In the end the semantic Web uptake was on the data not the meta data.

Regards to the academic semweb grant story these same idiots are now chasing
the cloud with out a clue. And before it was grid.

For some fields there is uptake because it solves problems. But they hardly
market themselves as semweb.it's more profitable to market they solve
solutions.

------
StillBored
The only way this works is if there is some central agency enforcing and
standardizing the tags/APIs.

People (and programmers) are lazy, and ignorant. If its not in their face
broken it frequently won't get fixed. I used to have html validator default
enabled in firefox, which would point out HTML errors for every page I landed
on.

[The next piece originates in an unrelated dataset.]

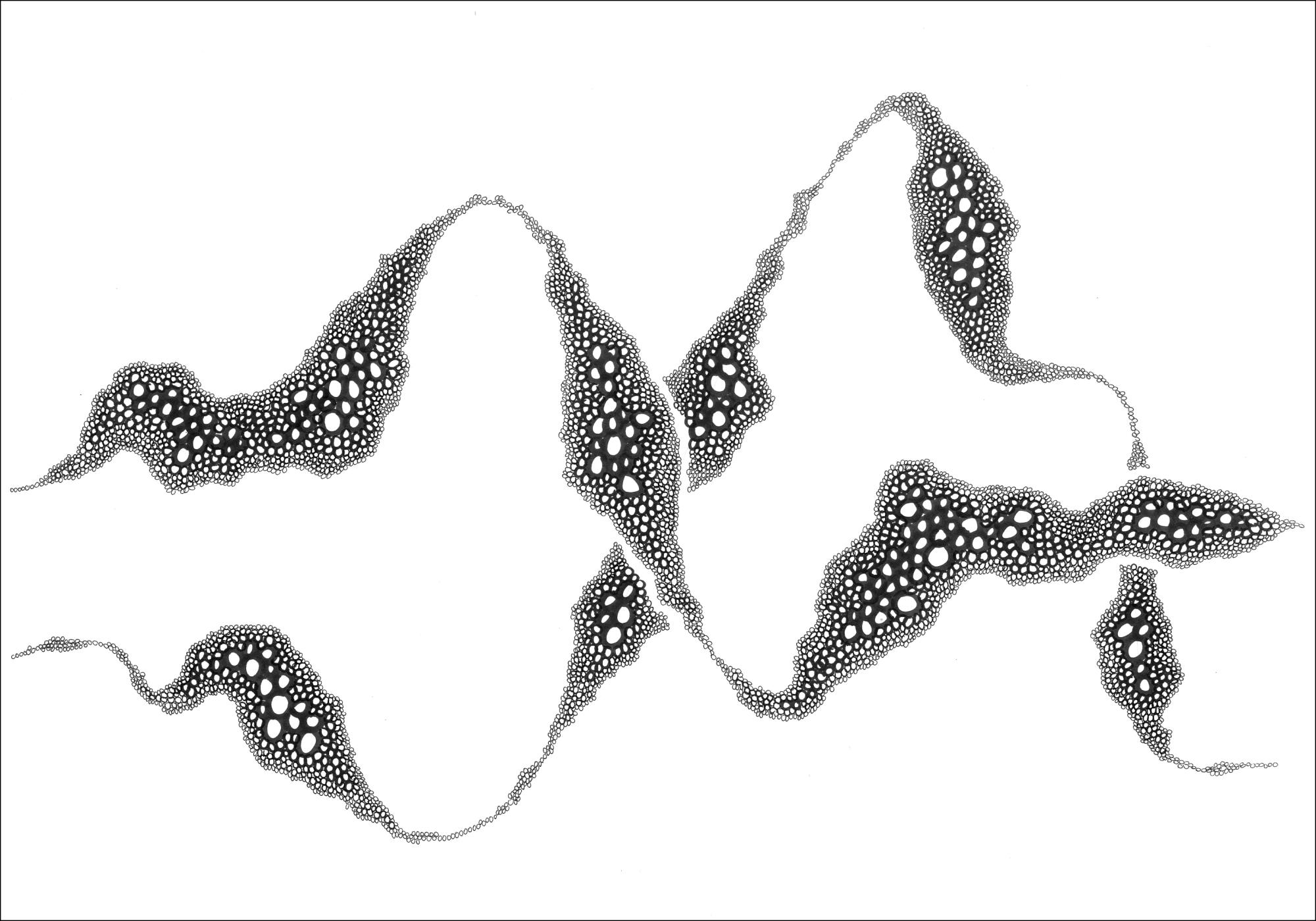Drąsus abstraktus plakatas su skirtingais juodais ir baltais apskritimais, kurie sukuria keistas banguojančias bangas baltame fone. Yra dideli ir maži apskritimai kaip burbulai, kurie prilipę prie ilgų banguojančių virvelių, kurios vingiuoja ir sukasi per paveikslą, kirsdamos vieną kitą šiuo keistai žavingu darbu.

The percentage of web pages that had in your face HTML errors despite all
the tools to check for broken HTML still didn't mean people put in the effort
to assure their pages were error free. Basically, if the page rendered
"correctly" in the developers browser and maybe another test browser or two,
then it was job done.

------
mickael-kerjean
The potential of the semantic web is massive. It's hard to understand why it
hasn't been a massive game changer. I remind a few years ago making crazy
query to answers questions that still today has no equivalent like: Find
companies CEO that has less than 100k employees and was created before Neil
Amstrong walked on the moon. The winner take all approach we have today with
all those sillos doesn't benefit human kind in any way.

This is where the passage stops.